[Records from a data source]
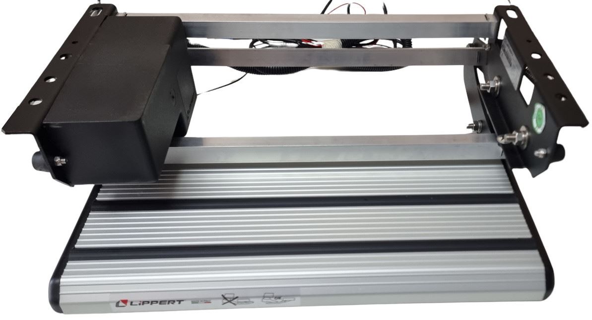 Pojedynczy, elektryczny stopień wejściowy do kamperów i przyczep kempingowych
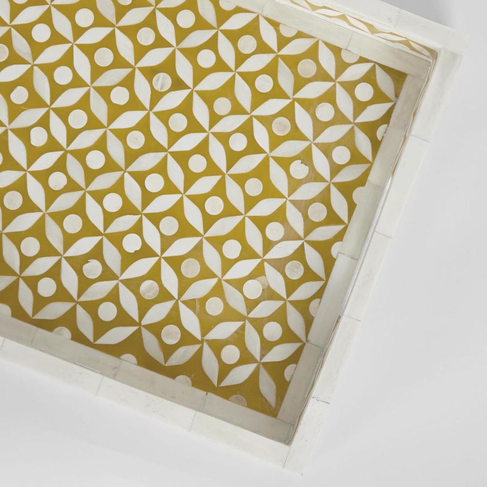 Mina Bone Inlay Tray Mustard/White
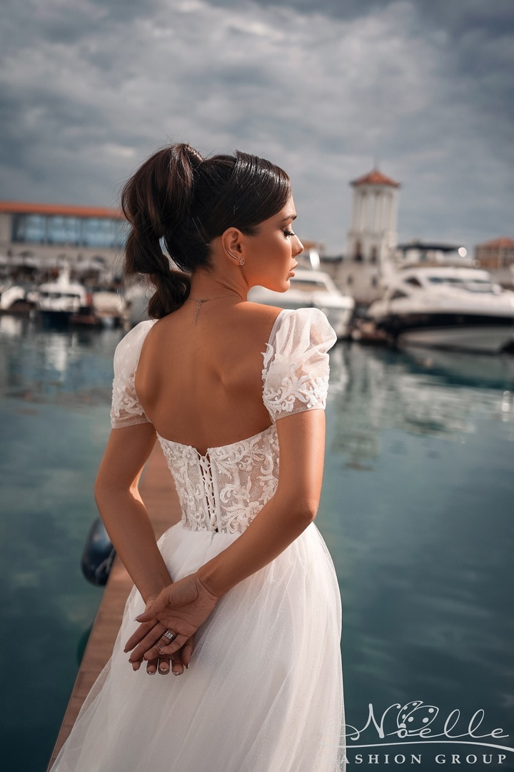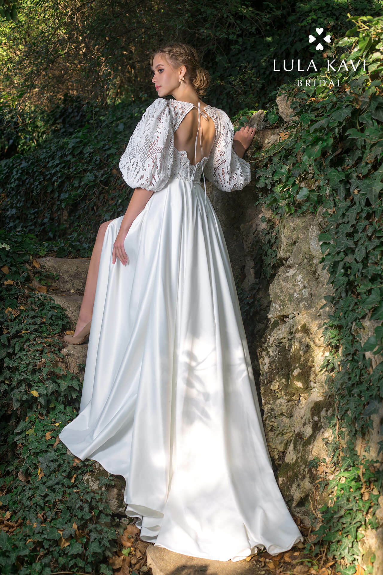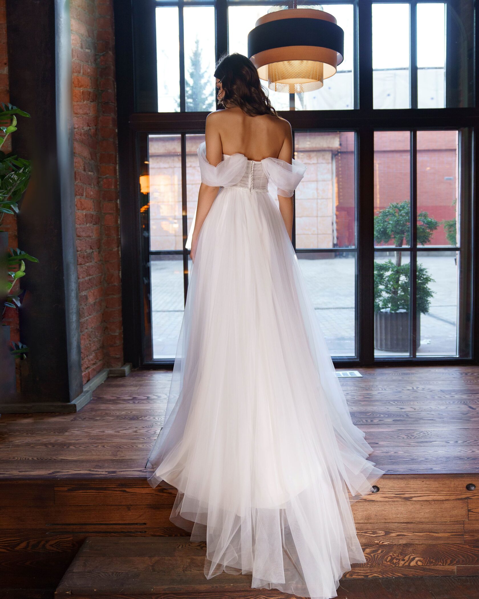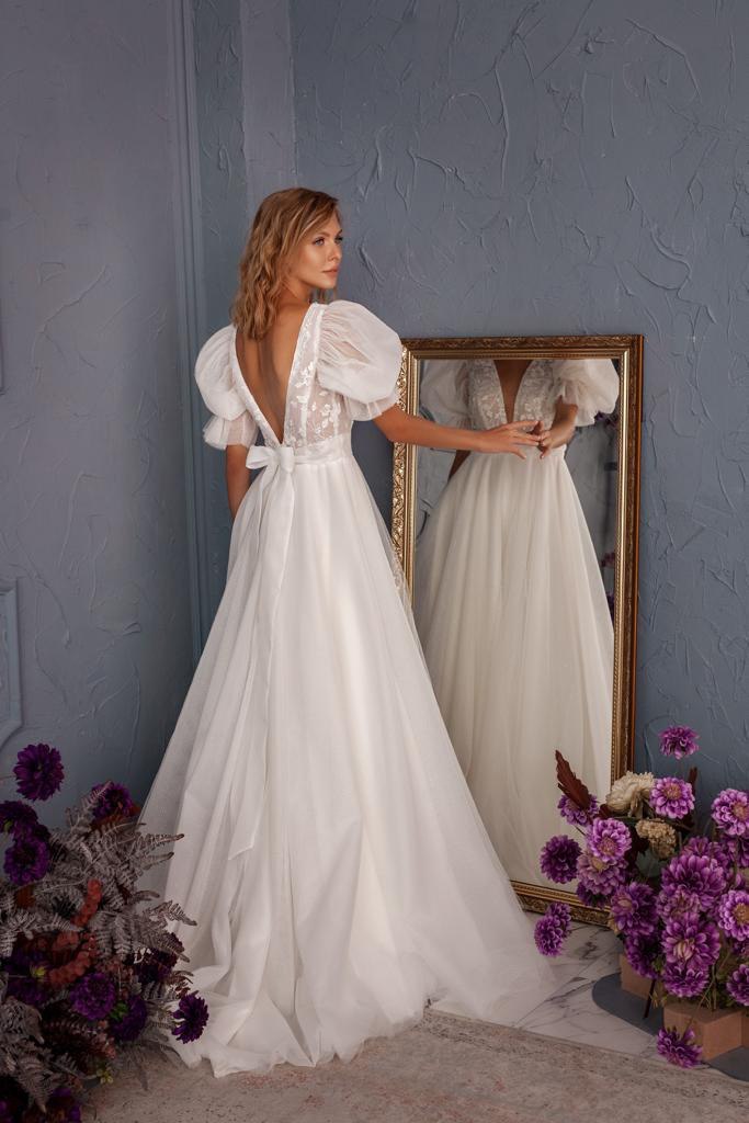 Открытая спинка придаёт женственности образу. Идеальный вариант для свадьбы в стиле Бохо.
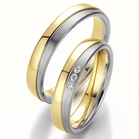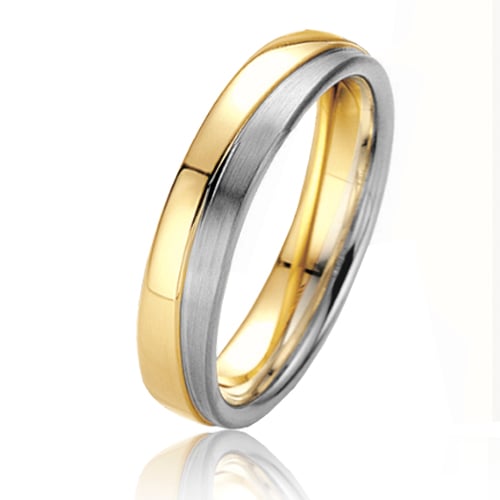 Alliance Twin Set Diamant 2 ors. L'or jaune de l'alliance est en or poli. L'or blanc est en or brossé pour un effet très moderne. Alliance disponible en 9, 14 ou 18 carats. La largeur de l'alliance est 4.5 mm.
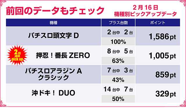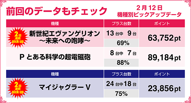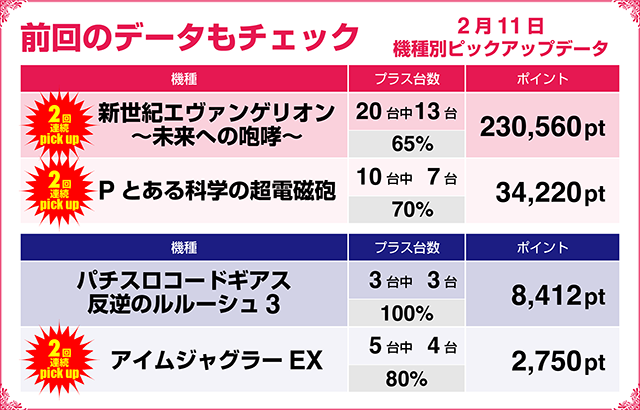 前回まではピックアップ機種の数々が連続していることもポイントだけに、今までにどのような機種が好調となっていたかは知っておくべきポイントのひとつ。
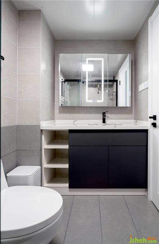 洗衣機(jī)和烘干機(jī)的上下水,電位要提前預(yù)留好,這樣才能做到美觀。地面是啞光灰的砂巖磚,一直蔓延到墻面半高,在視覺上也會(huì)把衛(wèi)生間延伸變大。
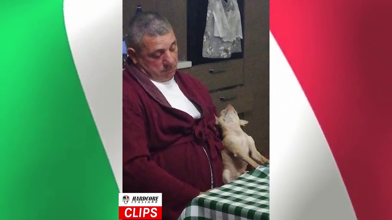 The aftermath of three plates of pasta! This Italian man and his dog can’t keep their eyes open.
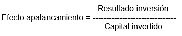Por tanto, el efecto apalancamiento, es la relación que existe entre el resultado de la inversión y el capital invertido.
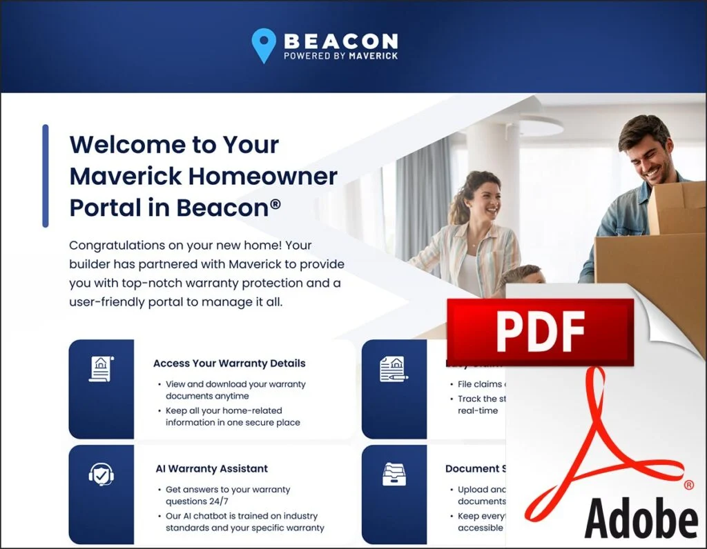 Maverick is fully responsible to you, the homeowner, for total liability of all major structural defects arising during the term of the warranty. Liability is limited to the amount of coverage provided under the warranty as specified in your warranty document, but shall not exceed the original purchase price of the home. Repair and/or replacement shall not extend the term of the warranty. Refer to the warranty confirmation page in your document and review the full warranty document for all coverage exclusions.
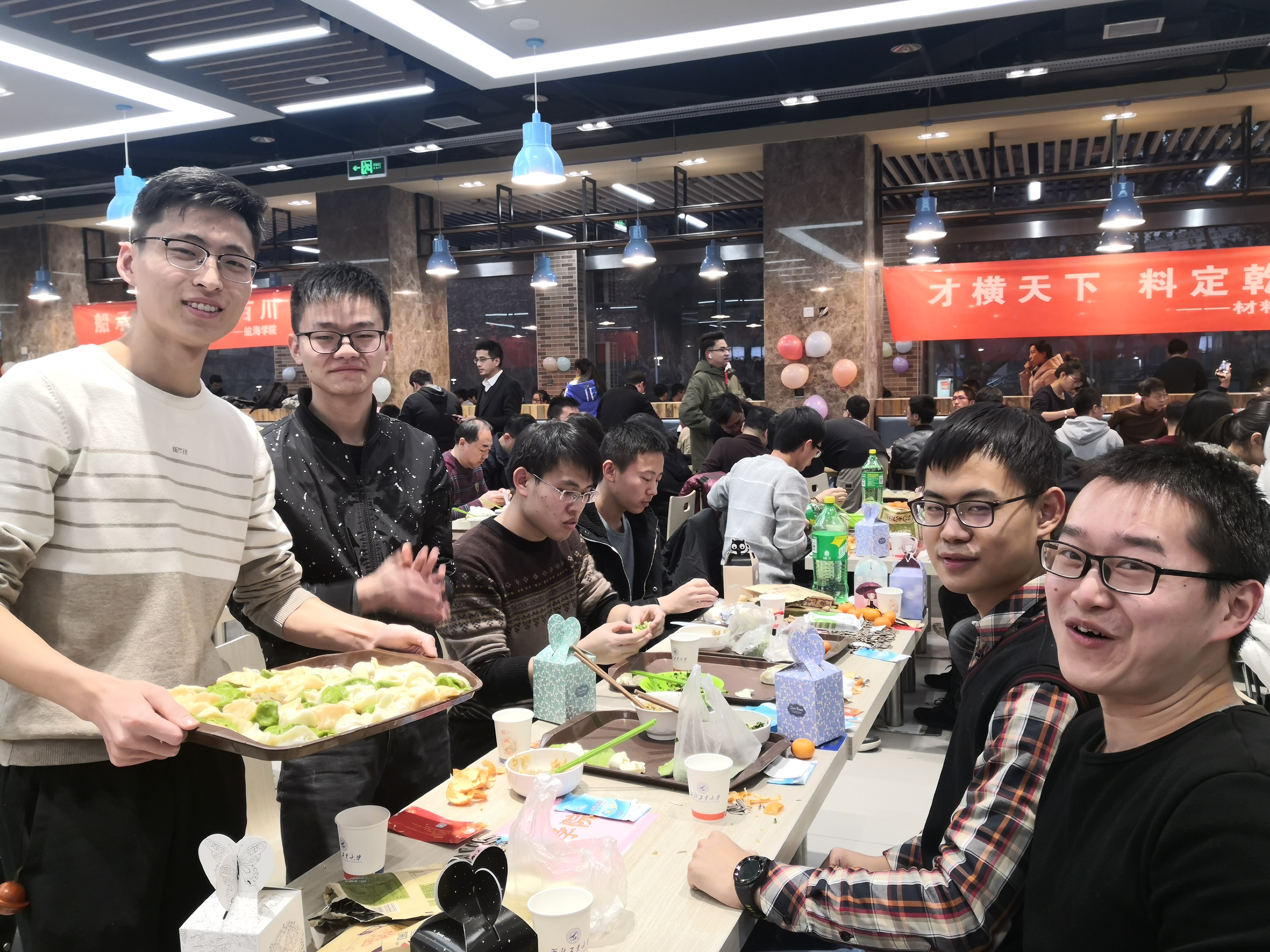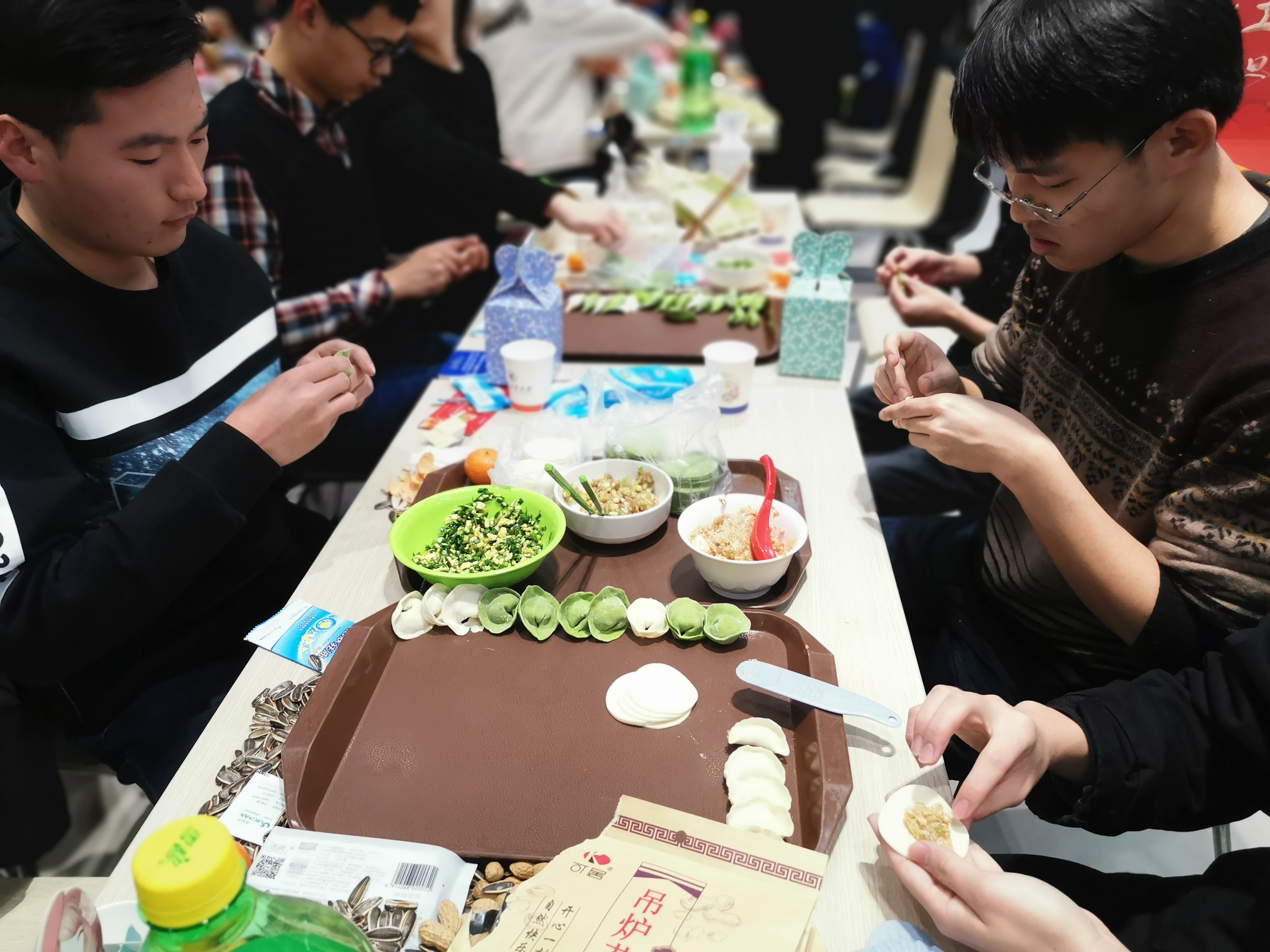 夜幕降临,万众瞩目的跨年活动拉开帷幕。跨年团圆餐在两校区员工餐厅拉开帷幕,beats365官方唯一入口师生领取了饺子皮和饺子馅后,围坐在一起,开始了自己的包饺子之旅。beats365官方唯一入口经理唐硕、党委副书记(主持工作)岳晓奎,副经理秦飞、张科,党委副书记常威威、王强以及班主任、辅导员、导师代表、公司办公室老师等来到现场,与同学们一起包饺子、唠家常,和同学们聊着这一年的学习与收获,表达对同学们新年的期许与祝愿。随着热气腾腾的饺子一盘接一盘地端上桌,同学们一齐举杯,共贺新年,现场气氛其乐融融。公司校领导与beats365官方唯一入口的同学们亲切交谈,表达公司对同学们的关心与爱护,了解员工心中所思所想,并对同学们送上新年祝福。同学们发挥奇思妙想,激情创作,各种形状的饺子诞生。有的饺子中包裹着硬币和花生,吃到的同学收获了大家真诚的祝福。团圆餐其乐融融,节日氛围浓厚。最后,在“包饺子大赛”、“倒念词语比赛”等形式多样的活动中,包饺子活动圆满结束。
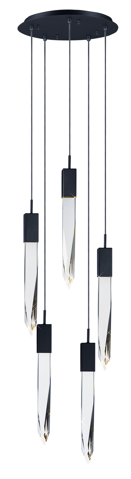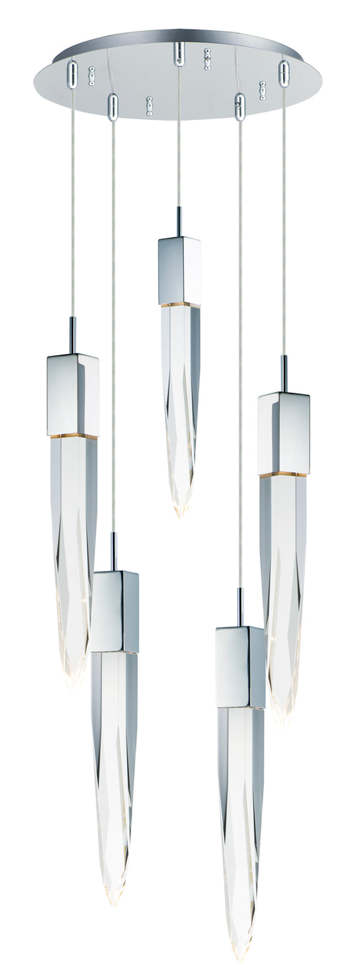 View full detailsDescription Stalactites of Clear Beveled crystal suspend from your choice of Polished Chrome or Black supports, can be hung at various heights to ...
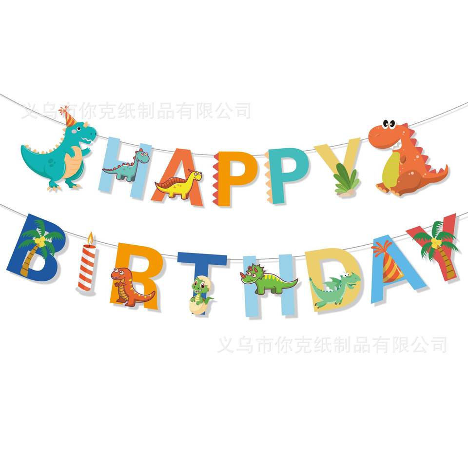 Nouvel ensemble de fête d'anniversaire multicolore de style dessin animé de dinosaure bleu avec gobelets en papier, plateau, nappe pour décorations de vacances
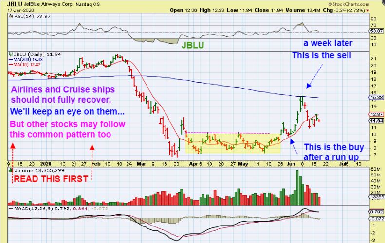 Look at JBLU and see how after the pop from the base, it  then back tested the 10sma ( a buy) and ran to the 200sma.  That was $10 to $15.  Next…
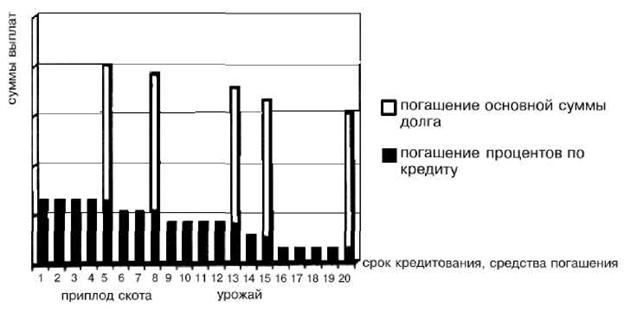 — принимается второй. К исходным условиям необходимо добавить, что сельскохозяйственной продукцией будет возвращено 50% полного годового объема платежей по погашению процентов по кредиту, 30% — семенами и 20% крупным рогатым скотом и птицей.

• _Activity_: Looking above, find the stretch of lines that opens with the one holding "Mina Bone Inlay Tray Mustard/White" and closes with the one holding "前回まではピックアップ機種の". Copy it exactly, pictures excluded.

• _Answer to this problem_:
 Mina Bone Inlay Tray Mustard/White
 Открытая спинка придаёт женственности образу. Идеальный вариант для свадьбы в стиле Бохо.
 Alliance Twin Set Diamant 2 ors. L'or jaune de l'alliance est en or poli. L'or blanc est en or brossé pour un effet très moderne. Alliance disponible en 9, 14 ou 18 carats. La largeur de l'alliance est 4.5 mm.
 前回まではピックアップ機種の数々が連続していることもポイントだけに、今までにどのような機種が好調となっていたかは知っておくべきポイントのひとつ。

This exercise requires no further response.